On January 9, 2008, Hampton Roads Bankshares and Shore Financial Corporation ("Shore Financial") announced a definitive agreement, under which Shore Financial will be merged with and into Hampton Roads Bankshares. Hampton Roads Bankshares will file with the Securities and Exchange Commission (the "SEC") a registration statement on Form S-4 to register the shares of its common stock to be issued to the shareholders of Shore Financial in connection with the proposed transaction. The registration statement will include a joint proxy statement/prospectus that will be sent to the shareholders of Hampton Roads Bankshares and Shore Financial seeking their approval of the proposed merger. The joint proxy statement/prospectus will contain important information about Hampton Roads Bankshares, Shore Financial, and the merger and about the persons soliciting proxies from shareholders of Hampton Roads Bankshares and Shore Financial in the merger, including the executive officers and directors of each of Hampton Roads Bankshares and Shore Financial, and their respective interests in the merger, such as their stock ownership in Hampton Roads Bankshares and Shore Financial.
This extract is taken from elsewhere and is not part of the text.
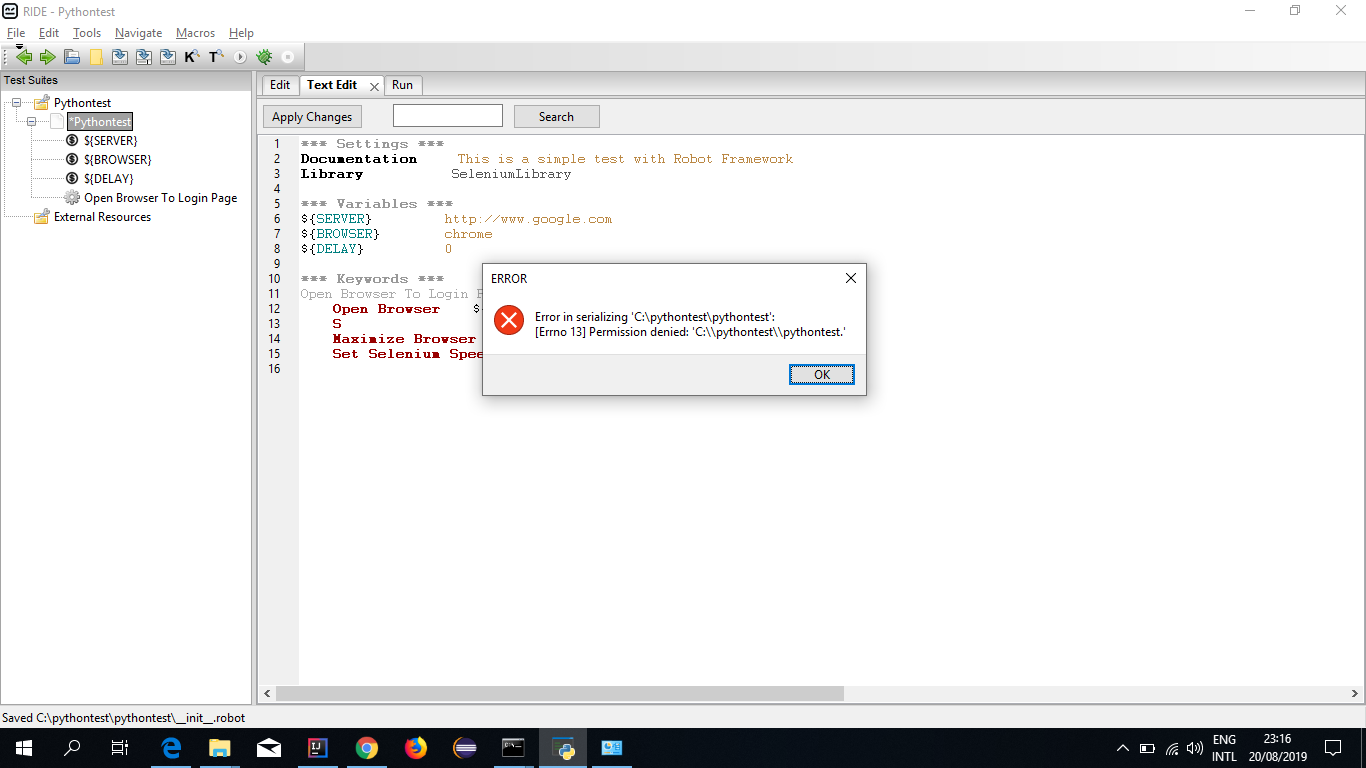 我使用机器人框架在Ride中创建了一个测试用例。在运行过程中,我得到了错误。

Additional information about Hampton Roads Bankshares' directors and executive officers is included in Hampton Roads Bankshares' Annual Report on Form 10-K for the year ended December 31, 2006, which was filed with the SEC and is available on Hampton Roads Bankshares' website at www.bankofhamptonroads.com and at the Hampton Roads Bankshares address provided below. Additional information about Shore Financial's directors and executive officers is included in Shore Financial's Annual Report on Form 10-K for the year ended December 31, 2006, which was filed with the SEC and is available on Shore Financial's website at www.shorebank.com and at the Shore Financial address provided below.
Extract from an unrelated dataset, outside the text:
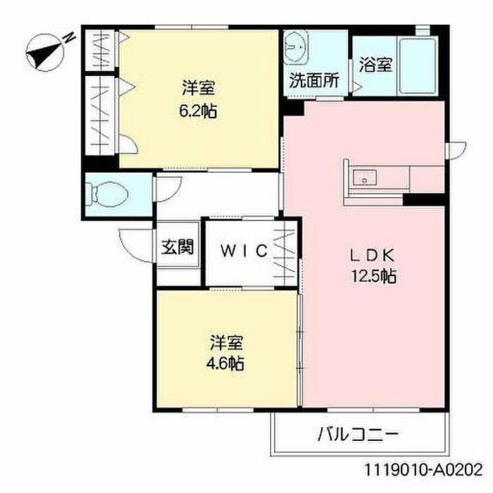 LDK12.5 洋室4.6 洋室6.2 ※1畳=1.62m2)

Investors and shareholders of Hampton Roads Bank and Shore Financial are urged to read the registration statement on Form S-4 and the joint proxy statement/prospectus included in the registration statement on Form S-4, and any other relevant documents to be filed with the SEC in connection with the proposed transaction, because they will contain important information about Hampton Roads Bankshares, Shore Financial, and the proposed transaction.
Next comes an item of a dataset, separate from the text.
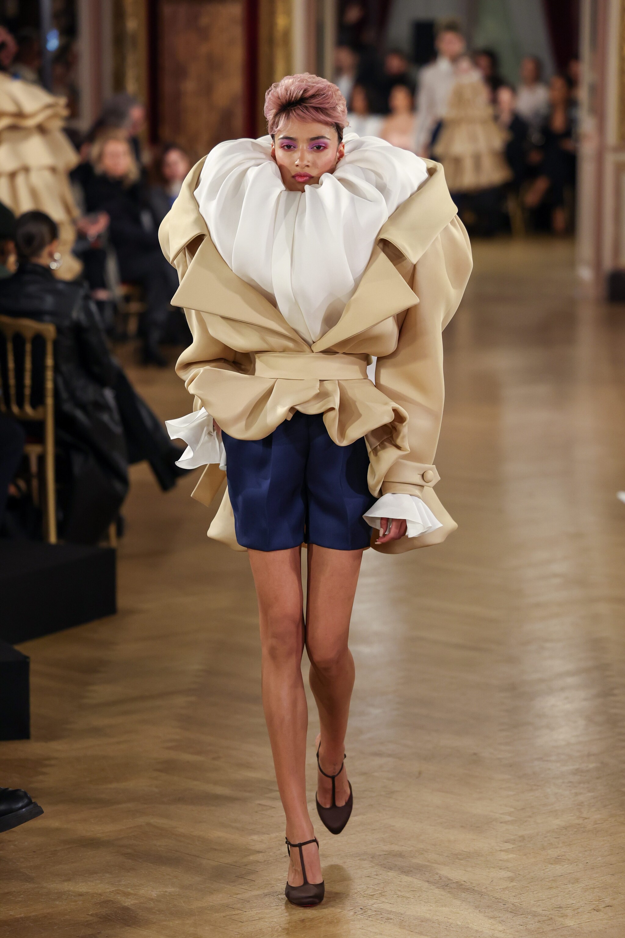 Enormi fiocchi, trench decostruiti, capi ricoperti da tessuti a onda, drappeggi e volumi maxi sfilano alla Paris Fashion Week sulla passerella Haute Couture Primavera/Estate 2025 di Viktor&Rolf

Investors and shareholders may obtain free copies of the joint proxy statement/prospectus and other documents related to the merger, once they are filed with the SEC, through the SEC's website at www.sec.gov. Free copies of the joint proxy statement/prospectus and other relevant documents also may be obtained by directing a request by telephone or mail to the following:



  Hampton Roads Bankshares, Inc.      Shore Financial Corporation
  999 Waterside Drive, Suite 200        25020 Shore Parkway
    Norfolk, VA  23510                  Onley, Virginia 23418
  Attention: Jack W. Gibson           Attention: Scott C. Harvard
 Telephone Number: (757) 217-1000    Telephone Number: (757) 787-1335

Certain statements in this report may constitute "forward-looking statements" within the meaning of the Private Securities Litigation Reform Act of 1995. Forward-looking statements are statements that include projections, predictions, expectations, or beliefs about events or results or otherwise are not statements of historical facts. Although the Company believes that its expectations with respect to certain forward-looking statements are based upon reasonable assumptions within the bounds of its existing knowledge of its business and operations, there can be no assurance that actual results, performance or achievements of the Company will not differ materially from any future results, performance or achievements expressed or implied by such forward-looking statements. Actual future results and trends may differ materially from historical results or those anticipated depending on a variety of factors. For an explanation of the risks and uncertainties associated with forward-looking statements, please refer to the Company's Annual Report on Form 10-K for the year ended December 31, 2006, and other reports filed and furnished to the Securities and Exchange Commission. The Company undertakes no obligation to update any forward-looking statements made in this press release and this release shall not constitute an offer to sell or the solicitation of an offer to buy securities in any jurisdiction in which such solicitation would be unlawful.